How to Build Multimodal Search Systems Today

• Install the multimodal library: Run "pip install -U sentence-transformers[vision]" to add vision support to Sentence Transformers, with optional tags for audio and video support if needed.
• Load a unified model: Use a single model like Qwen2-VL to encode both images and text into the same mathematical space, eliminating the need for separate specialized models.
• Encode mixed inputs: Pass images, audio files, and text strings to the same encode function, and the library automatically detects the input type and handles preprocessing like resizing and normalization.
• Search using similarity scores: Compare embeddings using cosine similarity to find which images match text descriptions or which audio clips match a spoken query, all using the same mathematical framework.
• Build visual RAG systems: Create retrieval-augmented generation pipelines that can search through diagrams, charts, and video archives the same way traditional RAG searches through text documents.

The hardware requirements are real, though. For smaller CLIP-based models, you can run inference on a CPU or with as little as 4 gigabytes of graphics memory. But for more powerful vision-language models like Qwen2-VL, you'll want at least 8 to 20 gigabytes of VRAM for smooth performance .

Why Is This Shift Happening Now?

The move toward native multimodal architectures reflects a broader realization in AI research: the future isn't about building better language models and bolting on vision capabilities as an afterthought. It's about designing systems where all modalities are first-class citizens from the ground up. Meituan's team noted that when AI has a unified "native language," it becomes smarter and more intuitive when calling tools, writing code, and understanding complex charts .

This architectural philosophy is spreading across the industry.

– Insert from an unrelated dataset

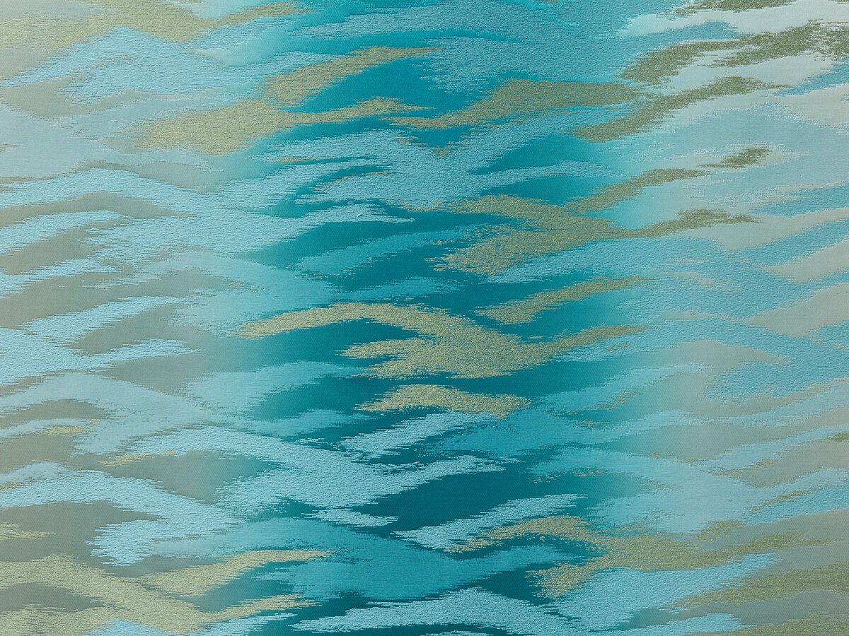 SEASCAPE ist inspiriert von der Reflexion des Himmels auf einer Wasseroberfläche. Durch den digitalen Farbverlauf variiert das gewebte Wellen-Design, ebenso wie sein Vorbild, von zart bis leuchtend schillernd.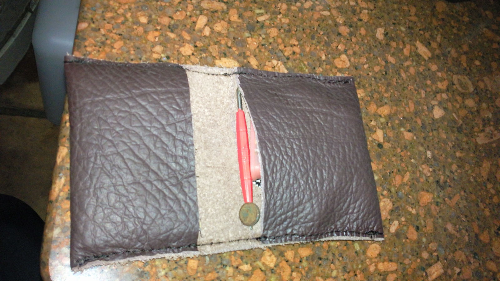 这个包跟了俺五年,由于皮不是很厚,被里面的工具磨破了,想在淘定上订一个,结果人家说DIY订制1400每个起步,呃,还是算了,自己去本地的皮鞋店买了张边角皮,20块

SenseTime launched SenseNova-MARS, described as the first agentic vision-language model, which integrates dynamic visual reasoning with image-text search . Zhipu AI released the GLM-4.6V series with versions supporting 106 billion and 9 billion parameters, featuring 128,000-token context windows and native function calling . These aren't minor updates; they represent a fundamental rethinking of how multimodal systems should be structured.

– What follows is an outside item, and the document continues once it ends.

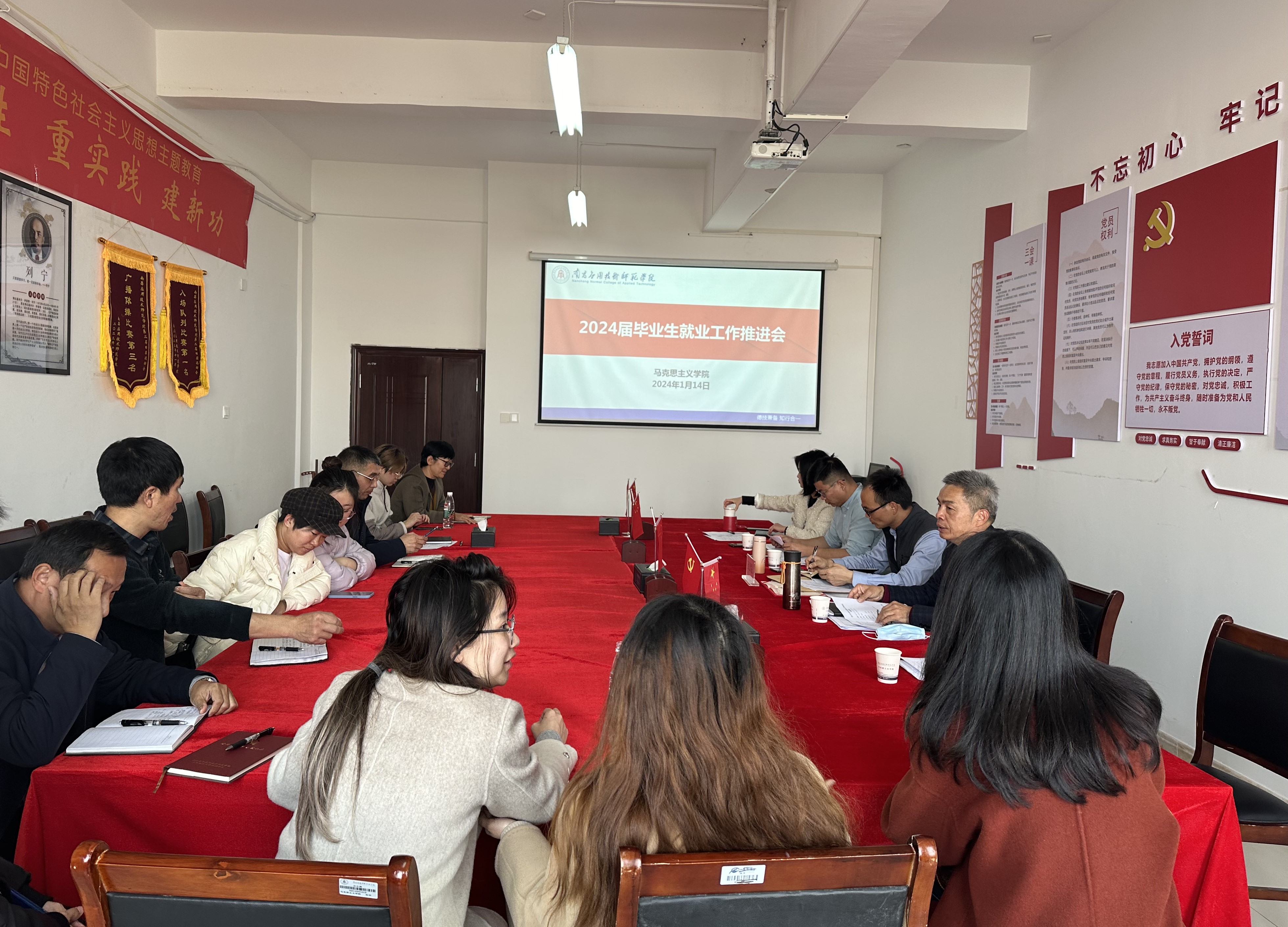 马克思主义学院于2024年1月14日在1511会议室召开2024届毕业生就业工作推进会,此次会议由院长文道贵主持,校党委副书记蓝贤发、马院党总支书记张欣康、副书记李婷、各论文实习指导老师及毕业班辅导员参会。

What Are the Real-World Applications?

For developers and creators, the practical benefits are substantial. Visual retrieval-augmented generation (RAG) becomes accessible without proprietary APIs, meaning you can build chatbots that search through your own image libraries and video archives . E-commerce platforms can now support unified search where users can type "minimalist watch" or upload a photo of a watch they like, and the backend handles both queries using identical logic .

Audio and video discovery transforms from manual scrubbing into a mathematical search problem. Finding a specific 10-second clip in a 2-hour podcast becomes a matter of encoding the audio and searching by semantic similarity, rather than listening through hours of content .

The cost structure also shifts. Because Sentence Transformers is open-source, there are no per-request API fees. You provide the compute, whether that's a local GPU or a cloud instance, and the software is free . This democratizes access to multimodal AI capabilities that were previously locked behind proprietary services.

What Are the Limitations?

The technology isn't perfect yet. Hardware requirements remain a barrier for solo developers without access to GPUs. A model trained primarily on text and images might still struggle with specific audio nuances unless it was specifically tuned for audio understanding . And because these are brand-new releases, some models still require special flags or trust settings, making them feel slightly bleeding-edge as the ecosystem settles .

But the trajectory is clear: the walls between text, image, and video are coming down in the open-source world. Sentence Transformers v5.4 and models like LongCat-Next represent a bridge that makes sophisticated cross-modal search possible for any developer without a PhD in machine learning. The unified multimodal future isn't coming; it's already here.